Concerns mount at Right to Buy extension

Co-operative housing organisations and community land trusts are on high alert in case the government’s newly announced Right to Buy provisions for housing association tenants affect community-led housing...

Co-operative housing organisations and community land trusts are on high alert in case the government’s newly announced Right to Buy provisions for housing association tenants affect community-led housing initiatives.

The community land trust movement in particular is concerned at what could be included in the Conservatives’ as-yet unpublished Housing Bill. Recent years have seen a rapid growth in community land trusts (CLTs) in Britain.

These are democratically controlled grassroots ventures in rural and urban areas which focus on providing affordable housing where the commercial housing market has failed.

Catherine Harrington, director of the National CLT Network, says her organisation will be lobbying hard to ensure CLTs are excluded from any Right to Buy provisions.

“We’re going to be arguing for exemption until we’re blue in the face,” she says.

The central tenet behind the CLT idea is that land and property is held permanently in trust on behalf of the community. But, depending on the exact provisions of the Housing Bill, those CLTs which rent homes at affordable rents to tenants could find themselves losing their properties through Right to Buy applications.

As Ms Harrington points out, such a development could be potentially disastrous to the CLT concept.

If CLTs were to be caught under Right to Buy legislation, those most vulnerable would be the trusts who have chosen to become ‘registered providers’ of social housing, or who have entered into partnership agreements with an existing registered provider such as a housing association.

These are the two alternative routes typically followed by CLTs who want to access grant funding for new developments through the Affordable Homes Programme run by the government’s Homes and Communities Agency.

A further anxiety is that local authorities – which have, in a number of cases, passed development land to CLTs for affordable housing at below market value – may adopt a more unbending approach. Local authorities, already bearing the brunt of public sector funding cuts, are intended by the government to be the agents who will refund housing associations for losses incurred through Right to Buy.

“As always, the devil will be in the detail. We won’t know until a draft bill is published how the government intends to implement Right to Buy,” says David Rodgers, chief executive until his recent retirement of CDS Co-operatives, former president of Co-operative Housing International and now an elected member of Labour’s housing executive committee.

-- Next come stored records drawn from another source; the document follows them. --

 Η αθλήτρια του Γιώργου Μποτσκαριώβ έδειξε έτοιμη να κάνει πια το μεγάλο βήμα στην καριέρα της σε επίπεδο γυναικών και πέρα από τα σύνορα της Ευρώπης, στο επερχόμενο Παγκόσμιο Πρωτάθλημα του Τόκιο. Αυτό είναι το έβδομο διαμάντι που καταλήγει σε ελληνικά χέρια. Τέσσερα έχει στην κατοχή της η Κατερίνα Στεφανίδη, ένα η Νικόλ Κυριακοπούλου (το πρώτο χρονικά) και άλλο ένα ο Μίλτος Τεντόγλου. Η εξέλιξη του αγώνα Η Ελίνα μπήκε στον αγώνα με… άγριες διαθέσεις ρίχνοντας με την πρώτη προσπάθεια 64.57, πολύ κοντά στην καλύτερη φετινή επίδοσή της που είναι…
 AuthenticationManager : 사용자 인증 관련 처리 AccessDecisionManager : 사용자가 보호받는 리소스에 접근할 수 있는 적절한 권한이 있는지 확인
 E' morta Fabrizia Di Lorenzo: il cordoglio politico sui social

He says the government would be foolish to try to extend the provisions more widely than housing associations – but adds: “I’m surprised they’re foolish enough to do this anyway. It’s just a nonsensical policy.”

Before a new Housing Act is passed, the details will be subject to scrutiny in the Commons and the Lords, offering an opportunity for organisations such as the National CLT Network to undertake detailed lobbying work.

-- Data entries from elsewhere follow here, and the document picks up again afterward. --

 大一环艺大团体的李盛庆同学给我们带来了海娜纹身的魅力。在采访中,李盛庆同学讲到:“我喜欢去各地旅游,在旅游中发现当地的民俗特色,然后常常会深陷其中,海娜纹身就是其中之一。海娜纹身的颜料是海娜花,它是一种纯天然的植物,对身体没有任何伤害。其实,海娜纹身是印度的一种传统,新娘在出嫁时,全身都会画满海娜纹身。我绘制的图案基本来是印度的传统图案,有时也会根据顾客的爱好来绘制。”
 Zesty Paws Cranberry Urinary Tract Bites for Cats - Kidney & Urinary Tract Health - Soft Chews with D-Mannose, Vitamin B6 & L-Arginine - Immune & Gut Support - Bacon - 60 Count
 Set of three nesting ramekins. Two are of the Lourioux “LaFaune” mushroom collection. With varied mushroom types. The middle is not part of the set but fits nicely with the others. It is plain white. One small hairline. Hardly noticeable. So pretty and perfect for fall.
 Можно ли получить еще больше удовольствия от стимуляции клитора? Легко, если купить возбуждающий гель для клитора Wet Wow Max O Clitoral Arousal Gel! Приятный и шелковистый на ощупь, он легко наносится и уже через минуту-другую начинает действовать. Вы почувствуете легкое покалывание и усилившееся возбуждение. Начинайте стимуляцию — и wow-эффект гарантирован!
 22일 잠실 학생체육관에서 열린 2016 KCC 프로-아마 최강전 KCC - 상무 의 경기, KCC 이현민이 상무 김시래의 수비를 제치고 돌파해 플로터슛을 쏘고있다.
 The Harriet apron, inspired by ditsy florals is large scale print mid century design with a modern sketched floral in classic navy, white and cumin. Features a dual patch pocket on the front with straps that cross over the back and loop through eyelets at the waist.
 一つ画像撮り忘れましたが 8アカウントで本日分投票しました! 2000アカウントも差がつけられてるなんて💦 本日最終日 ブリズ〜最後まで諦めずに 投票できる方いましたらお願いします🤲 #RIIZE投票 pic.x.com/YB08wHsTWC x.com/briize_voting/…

Margaret Thatcher’s Housing Act 1980 included a number of exemptions from the first Right to Buy provisions, which included some types of rented housing (including almshouses and council houses in national parks and scheduled rural areas). The expectation is that the new legislation will also include certain exemptions which could potentially assist those CLTs operating in villages and small rural towns.

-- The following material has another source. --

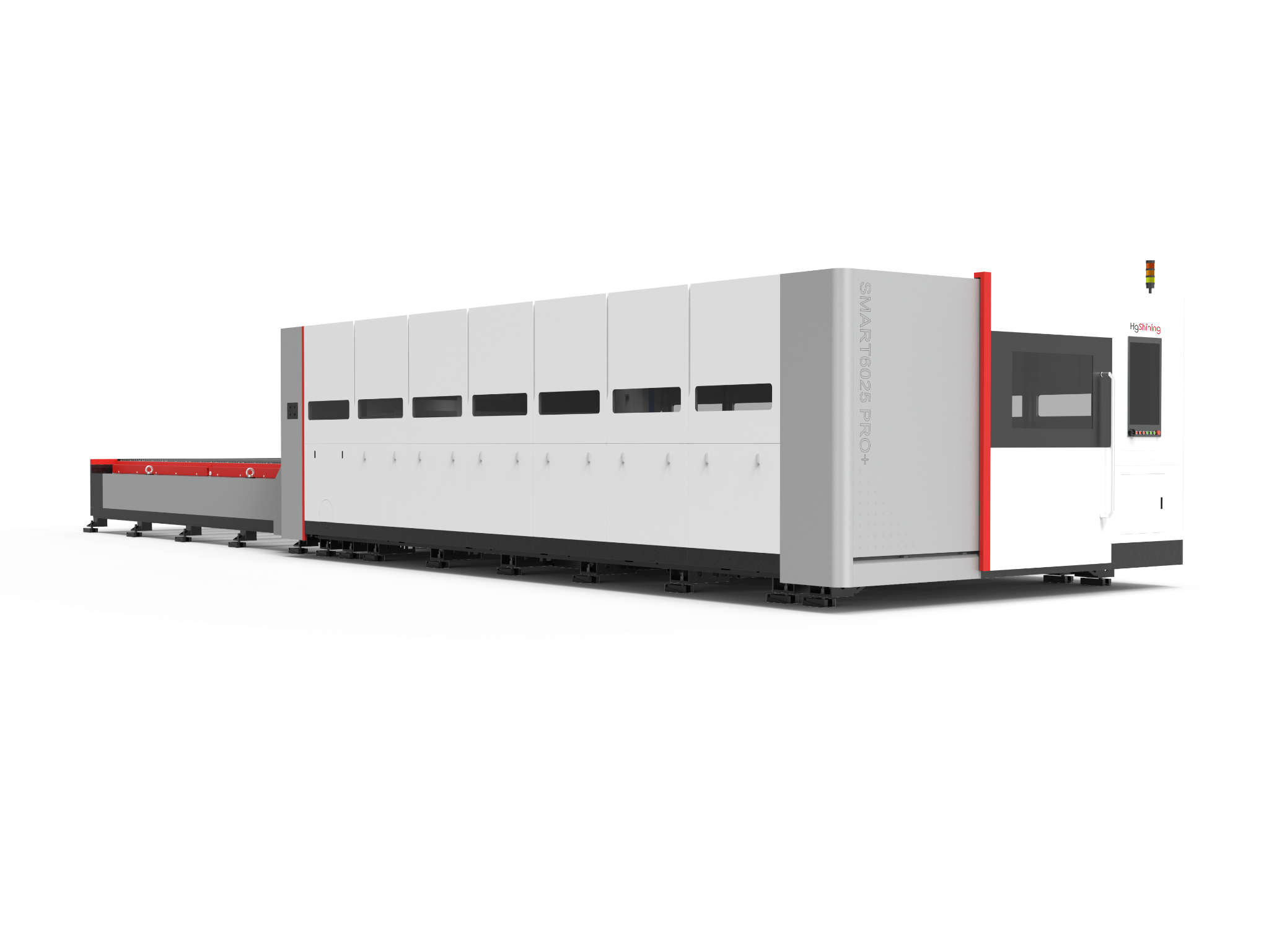 Máy cắt kim loại laser sợi quang công suất cao dòng SMART Pro có khay trao đổi, có tốc độ cắt nhanh hơn và có nguồn laser công suất cao hơn (1000W, 2000W, 3000W, 4000W, 6000W). Sản phẩm này sử dụng cấu trúc truyền động kép, có đặc điểm cấu trúc ổn định, độ cứng tốt và tốc độ định vị trục đơn X và Y có thể đạt tới hơn 80m/phút. gia tốc truyền động làm cho gia tốc cực đại của trục X và Y đạt 1,2 G.

Another possible lever to be used in the lobbying work is that many CLTs are in rural, Tory-held seats. “Local Tory MPs won’t necessarily want to be against their CLT,” says Nic Bliss, chair of the Confederation of Co-operative Housing (CCH).

His organisation is also closely watching developments in David Cameron’s scheme and is preparing to engage in active lobbying.

Nevertheless, housing co-operatives (or at least fully mutual housing co-operatives, those where co-op membership is a condition of tenancy) are arguably likely to be less at risk. Fully mutual co-ops are already exempt from Right to Buy and the separate Right to Acquire provisions for housing associations, not least because shared membership of a co-op can be already construed as a form of home ownership.

One concern raised by Catherine Harrington is that the government seems determined to bring in the new legislation very quickly. The Right to Buy pledge was pushed by Mr Cameron at the first Prime Minister’s Questions of the new Parliament, and Ms Harrington says the Government has indicated a desire to bring in the Housing Bill in its first hundred days. Her organisation met in early June with other community-led housing organisations, including the Confederation of Co-operative Housing, to discuss joint work.

But a new Housing Act could also offer opportunities.

Community land trusts are already subject to statutory definition (in the Housing and Regeneration Act 2008), but the wider community-led housing movement has not, as yet, been formally defined in legislation.

Ms Harrington says the new Act could be a good opportunity to rectify this. Provisions to exempt CLTs and similar community-led housing ventures from leasehold enfranchisement requirements could also help meet a long-running concern of the movement.

And ironically, assuming that fully mutual co-operatives remain exempt from Right to Buy provisions, it is conceivable that the new legislation could actually encourage a new upsurge of interest in the co-operative housing solution, as an alternative to traditional housing association models.

At the moment, however, the focus is firmly on the risks posed by Right to Buy – and the legal advice to support the lobbying work is already being sought.